Hi @vchung @trberg The status of my docker submission (submission ID: syn26166876) is invalid due to the time limit. The error message says, "time limit of 390s reached for case 00001 - stopping submission". I performed inference in a Tesla V100-DGXS computer, and it takes 60 -70 seconds to complete a case. Is the inference time difference between K-80 and V100 so high? I doubt that. Could you kindly look into it what went wrong? Could you suggest what to do? Thanks

Created by Saruar Alam saruarlive
Thanks, @vchung et al for considering the issue. Now the docker ran smoothly and I received scores for five subjects.
Thank you @vchung to consider our remarks. For my case it now runs smoothly.
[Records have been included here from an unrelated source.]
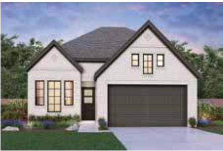
Hamilton Thomas Homes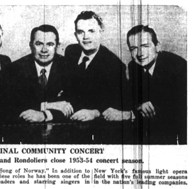
panies of three of Broadway's finest musical shows, "Annie Get Your Gun," "As You Like It" and "The Boy in the Woods."

Charles Kullman and Rondoliers close 1953-54 concert season.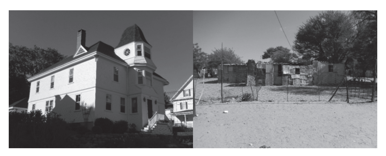
A house owned by a wealthy family in North America

Living in poverty has many consequences. Poor people find it hard to get jobs and are often unemployed. Many grow their own food and live in houses or shelters they have made for themselves. Their children go to local schools run by the government or may not get any education at all.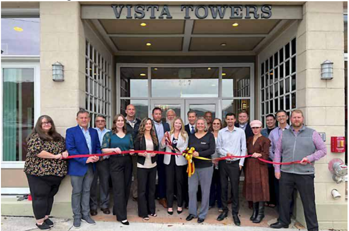
Wells Fargo Advisors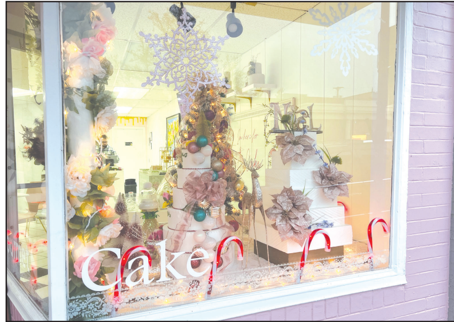
Coconuts, a bakery located on East Main St., took first prize in the business category of the Radford Chamber of Commerce’s Holiday Decorating Contest.

Best regards,
@saruarlive , @Alxaline , We apologize for the troubles and inconveniences caused by the K80. After some discussion, we have moved towards updating the infrastructure hardware to a V100 to better emulate the specs used by the participants. Please feel free to resubmit this model for evaluation with the updated GPU. For reference, you will have access to 1 GPU with 16 GiB vRAM (GPU memory), 8 vCPUs, and 61Gib RAM.
Hello @vchung, I try with num_workers = 0, and it change nothing. How is it possible to run if the K80 is ~18x slower than a V100?? I also run on a 1080TI, quadro P5000 and it run smoothly within the time constraint ....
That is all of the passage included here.